Noble's long-term issuer default rating, senior unsecured rating and debt ratings of 'BBB-' are being placed on rating watch negative as Fitch expects the company "will focus more on shorter-term and secured financing to lower financing costs amid a difficult operating environment," the ratings firm said in a statement Friday.
The negative watch will be resolved when Noble completes the refinancing its committed bank facilities due this month, and on the announcement of its quarterly results, Fitch said. The resolution will also reflect the agency's revised assessment of Noble, including taking into account of its focus on short- term debt financing in the future and its improved balance-sheet structure after it repaying debt, Fitch said.

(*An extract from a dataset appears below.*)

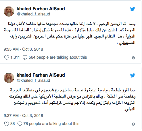 وأكد “آل سعود” على أن “ما حدث من جريمة اختطاف كاتب مرموق ذو شعبية عريضة في المملكة والخليج العربي وهو الأستاذ جمال خاشقجي ، من دولة تركيا وذلك بالتعدي الصريح الإستفزازي عليها والفتك بسيادتها ، لذا أخاطب كرامة دولة تركيا ، وأناشد ضمير الرئيس التركي رجب طيب اردوغان -الذي نقدره ونحترمه كثيرآ- ،أن يأخذ إجراءات حاسمة ورادعة ضد السلطات السعودية الحالية التي فقدت شرعيتها ورشدها واحترام شعبها لها ، لإسترجاع هذا الإنسان المسلم السعودي الذي طلب حمايتكم له علي ارضكم ، ولعدم تكرار هذا التعدي السافر للمعارضين السياسيين علي اراضيكم فيما بعد.”

Noble is seeking to chart a recovery in 2016 after a savage year in which it posted the first annual loss in almost two decades, had its credit rating cut to junk and saw its shares sink along with a rout in raw material prices. While the costs of the group's revolving-credit facility are seen rising, its weighted average cost of debt is expected to remain about the same, Chief Executive Officer Yusuf Alireza said last month.
Noble's shares, which plunged 65 per cent in 2015 and were removed from the blue-chip Straits Times Index, have climbed 1.3 per cent this year to 40.5 Singapore cents by the close of Friday trading on the city's bourse.